Forget Health Just Think of Illness and Treatment
Health News: India — the land of sages, Ayurveda, Patanjali, and Dhanvantari. The cradle of health and healing. It is believed that every form of medical treatment has its roots here. We have identified and shared with the world the secrets of health hidden in nature — in trees, herbs, minerals, soil, water, and even the very breath we take.
Given this ancient legacy, these profound insights, and unmatched medicinal knowledge, we should have evolved into an exceptionally healthy nation — a role model of wellness for the rest of the world. Ideally, the world should be learning from us how to stay healthy. We should be the flagbearers of fitness.
But are we?
Absolutely not.
In reality, the exact opposite is true.
It’s a bitter and frightening truth, but truth nonetheless — this land of sages has become a minefield of diseases. It is now infamously called the diabetes capital of the world. We lead in heart disease, rank high in cancer cases, and are devastated in the realm of mental health. Name any illness, and you’ll find its victims in abundance in every corner of this country.
Visit any hospital in any city — every department has endless queues, every single day. At the clinics of any specialist, you’ll find long lines of patients waiting — often for 8–10 hours. From Ahmedabad to Guwahati, Jammu to Chennai, Lucknow to Kolkata — the situation is the same everywhere.
A vast chunk of our 1.5 billion population is forced to spend the most precious parts of their lives — their time, energy, and hard-earned money — in diagnosis and treatment. Yes, people get sick everywhere in the world, but is the condition this dire elsewhere? One could argue that with such a large population, the number of sick people will also be higher. Fair enough. But do other densely populated countries reflect this same crisis? Check the facts — you won’t find a comparable situation anywhere. Pakistan and Bangladesh might be exceptions, but not the rest of the world.
The entire focus in India is on treatment, not prevention. The whole aim is to somehow identify and cure the disease. What’s astonishing is how much time, energy, and money people spend just trying to figure out what is wrong with them.
Shouldn’t our focus instead be on staying healthy? Shouldn’t our priority be to prevent illness altogether, or at least delay its onset?
Isn’t it shameful that we now need a cancer hospital or an AIIMS in every district? Have we become so sick as a nation that every street corner needs a clinic?
The real problem is this — there is no charm in being healthy. Not for doctors, not for the government, and sadly, not for us ordinary humans either. Why would the trillion-dollar industry of medicine, hospitals, pharmaceuticals, diagnostics, and treatments want people to stay healthy? If people stopped falling ill, it would be a financial disaster for them. Even the government is, in many ways, a part of this same medical-industrial complex.

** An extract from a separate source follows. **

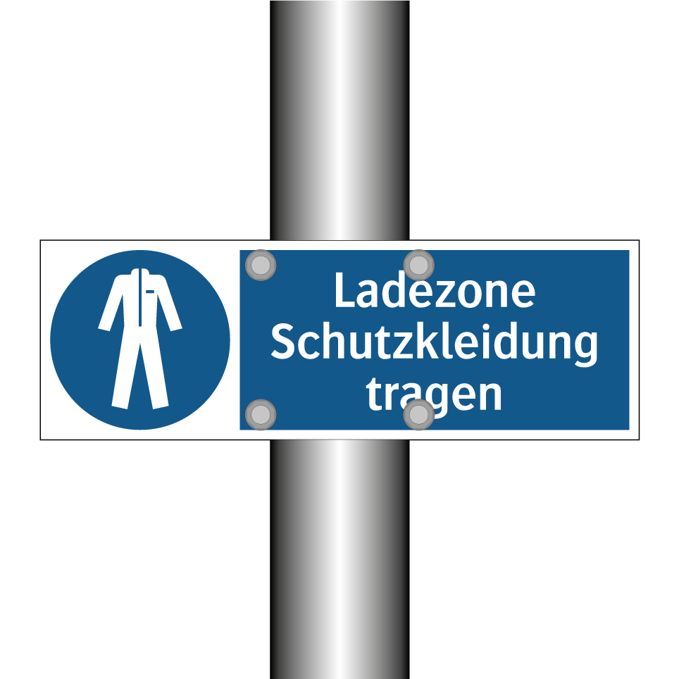 Gebotsschild mit dem Text Ladezone Schutzkleidung tragen

Building hospitals, investing in the healthcare sector — all of this boosts revenue, creates jobs, and sustains an economy. But trying to prevent illness? That’s an uphill task. You’d need to expand green spaces, eliminate pollution, end food adulteration, ban chemical fertilizers and pesticides, build parks in every neighborhood, and develop sports infrastructure across the country. You’d have to mentally and emotionally satisfy citizens, reduce the daily stress of survival, provide mental peace, and free people from worry.

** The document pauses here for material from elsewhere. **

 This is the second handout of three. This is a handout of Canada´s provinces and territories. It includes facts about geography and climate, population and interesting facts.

We are not a sporting nation. There are no incentives for cycling. The fate of cycling paths in Uttar Pradesh is well known. The to-do list for real public health is long, difficult, and thankless.
So instead, we look for the easier way — open hospitals everywhere, establish clinics in every lane, and hand out cancer hospitals like “gifts” to the people.
And the people? They continue to consume adulterated food, inhale dust and pollution, live under constant stress, eat pesticide-laced produce, chew gutkha, drink alcohol, smoke, and obsess over Israel-Iran, Trump, Pakistan, terrorism, caste equations, and Hindu-Muslim debates. They spend their days watching Reels and YouTube Shorts — and forget about everything else.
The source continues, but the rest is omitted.